1. Generate private seed-candidate rows from existing reviewed evidence only.
2. Include proposed alias or keyword, source evidence IDs, reason codes, collision checks, and `manual_review_required` on every row.
3. Reuse existing canonical seed, topic identity, normalization, source-local, and private diagnostics patterns.
4. Prove that canonical seeds, keyword packs, collectors, browser payloads, and static exports are not mutated by candidate generation.
5. Add focused tests for unknown canonical IDs, high-quality unclustered rows, source-local outliers, collisions, privacy, and disabled/no-signal cases.

***

## 3. Prerequisites

### Required Sessions

* [x] `phase28-session01-cross-source-signal-identity-and-dedup` - Provides canonical identity and deduplication foundations.
* [x] `phase28-session13-keyword-packs-rotation-and-coverage` - Provides reviewed keyword pack taxonomy and canonical keyword context.
* [x] `phase28-session15-documentation-validation-and-release` - Confirms Phase 28 canonical seed, topic identity, and normalization paths are green.

### Required Tools/Knowledge

* Bun 1.3.14 workflow through `bun run test`.
* Existing canonical seed contract in `scripts/lib/ai-runtime/canonical-topic-seeds.ts`.
* Existing topic identity resolver in `scripts/lib/ai-runtime/topic-identity.ts`.
* Existing Trend Finder normalization and topic projection flow in `scripts/extensions/trend-finder/normalize.ts` and `scripts/extensions/trend-finder/topics.ts`.
* Existing private diagnostics writer and browser-safe manifest pattern in `scripts/extensions/trend-finder/private-diagnostics.ts`.
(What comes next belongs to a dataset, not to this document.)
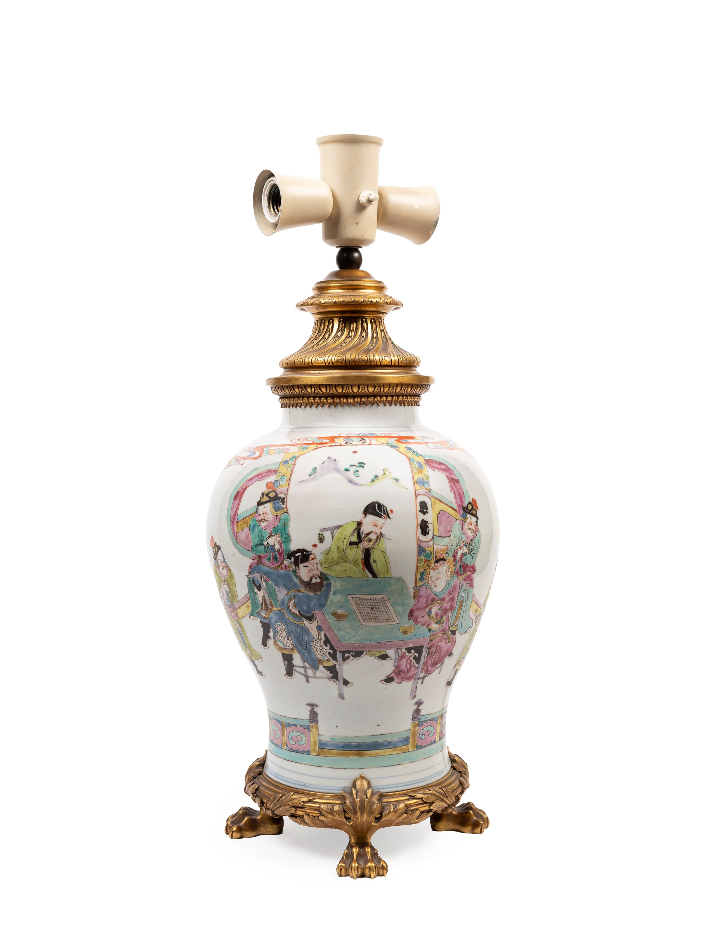 清雍正 粉彩古人弈棋图瓷瓶(改装为台灯)

### Environment Requirements

* Project dependencies installed with Bun.
* Local Trend Finder cache directory available to the collector.
* No new source, credential, media, database, hosted storage, dependency, or third-party transfer approval is required.

***

## 4. Scope

### In Scope (MVP)

* Trend Finder can generate a private seed-candidate artifact - Build a script-only generator over existing reviewed evidence and resolved topics.
* Candidate rows explain their origin - Include proposed alias or keyword, cited source evidence IDs, reason codes, collision checks, and `manual_review_required`.
* Weak identity cases become reviewable - Detect unknown canonical IDs, high-quality unclustered rows, and source-local outliers with weak topic identity.
* Collision checks are explicit - Compare proposed aliases and keywords against reviewed canonical seeds and reviewed keywords before writing rows.
* Private storage stays private - Write rows only to private extension storage and expose at most a browser-safe manifest entry.
* Canonical sources do not mutate - Prove no automatic edits to canonical seeds, keyword packs, source declarations, browser payloads, or static Brief output.
* Release checks prove behavior - Add unit, integration, privacy, payload, and ASCII validation coverage.
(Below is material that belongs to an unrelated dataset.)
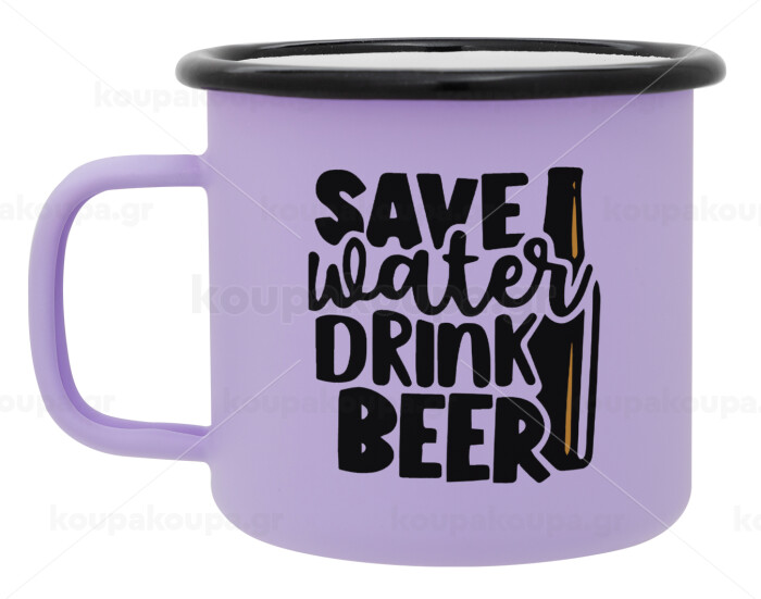 Save Water, Drink BEER, Κούπα Μεταλλική εμαγιέ ΜΑΤ Light Pastel Purple 360ml

### Out of Scope (Deferred)

* Widening collection or adding X/reply data - Reason: this session adopts the review workflow only, not the source dependency.
* Editing keyword packs or canonical seeds automatically - Reason: every row is manual-review-only.
* Publishing seed candidates in browser-safe Trend Finder surfaces - Reason: the artifact is private operator review material.
* Source setup, industry events, security lens, Brief archival, One-to-Watch, pre-run estimates, or podcast work - Reason: later Phase 29 sessions own those areas.
* Approval, merge, or import UI for candidates - Reason: this session only produces private review artifacts.

***

## 5. Technical Approach

### Architecture

Create a focused `seed-candidates` helper under `scripts/extensions/trend-finder/`. The helper should own candidate input contracts, reason-code derivation, proposed alias/keyword normalization, collision checks against reviewed canonical seeds and reviewed keywords, deterministic ordering, row bounds, and privacy-safe serialization.
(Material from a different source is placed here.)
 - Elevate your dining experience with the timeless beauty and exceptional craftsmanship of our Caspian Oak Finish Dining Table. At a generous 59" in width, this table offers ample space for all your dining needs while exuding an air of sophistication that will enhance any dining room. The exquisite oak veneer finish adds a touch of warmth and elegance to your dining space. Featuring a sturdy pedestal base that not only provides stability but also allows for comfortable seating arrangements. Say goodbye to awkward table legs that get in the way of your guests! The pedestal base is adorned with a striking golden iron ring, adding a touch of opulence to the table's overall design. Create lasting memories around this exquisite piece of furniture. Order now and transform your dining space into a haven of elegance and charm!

The generator should consume already-normalized evidence plus topic identity output or projected topics. It should never call collectors, add source adapters, edit source config, or write canonical seed files. Candidate generation should run after topic identity and source-local evidence enrichment have produced enough context to identify weak identity rows, and before private diagnostics are finalized.

Private storage should reuse the existing private diagnostics pattern when possible. Add a new artifact entry for `seed-candidates` so the browser payload can show only a safe manifest count/status without row contents, private file names, private paths, raw diagnostics, or candidate details. If the private write fails, the run should continue with a safe warning and without leaking the attempted path.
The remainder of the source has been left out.